芹沢や平山が留守だったために、吉栄は芹沢の愛人のお梅や八木家の女中とお勝手で遊んで暇を潰していた。
吉栄が来る前に輪違屋の糸里も八木家に来て平間重助を待っていた。
夜になって芹沢、平山、平間が帰ってきて、芹沢はお梅と平山は吉栄と奥の十畳間を屏風で仕切って同衾し、平間と糸里は別室で寝た。
芹沢と平山が寝入ったころ、吉栄は小用をたすため便所へ行った。
すると、数人の男たちが突然寝室へ押し入り、芹沢と平山を殺害し、その場に居合わせたお梅を惨殺して立ち去った。

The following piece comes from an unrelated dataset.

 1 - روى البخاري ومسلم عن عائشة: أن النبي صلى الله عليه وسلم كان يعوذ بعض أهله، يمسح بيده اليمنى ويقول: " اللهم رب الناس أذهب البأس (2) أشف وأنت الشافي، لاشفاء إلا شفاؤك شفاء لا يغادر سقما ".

刺客は芹沢の水戸派と対立していた近藤勇の試衛館派の土方歳三、山南敬助、沖田総司、原田左之助という説が有力である。
便所にいた吉栄は危うく難を逃れた。
吉栄と馴染みだった原田が便所に入った吉栄に声をかけて逃がしてやったともいう。
別室にいた平間は逃亡。
糸里も姿を消した。
吉栄のその後は桔梗屋が昭和に入って廃業しており、史料もなく不明である。
2004年に浅田次郎が著した時代小説『輪違屋糸里』では吉栄は主要登場人物だが、史実では事件の現場に居合わせた以外はほとんど分らない女性である。
糸里の親友だとか、平山の子を宿していたなどの設定はフィクションである。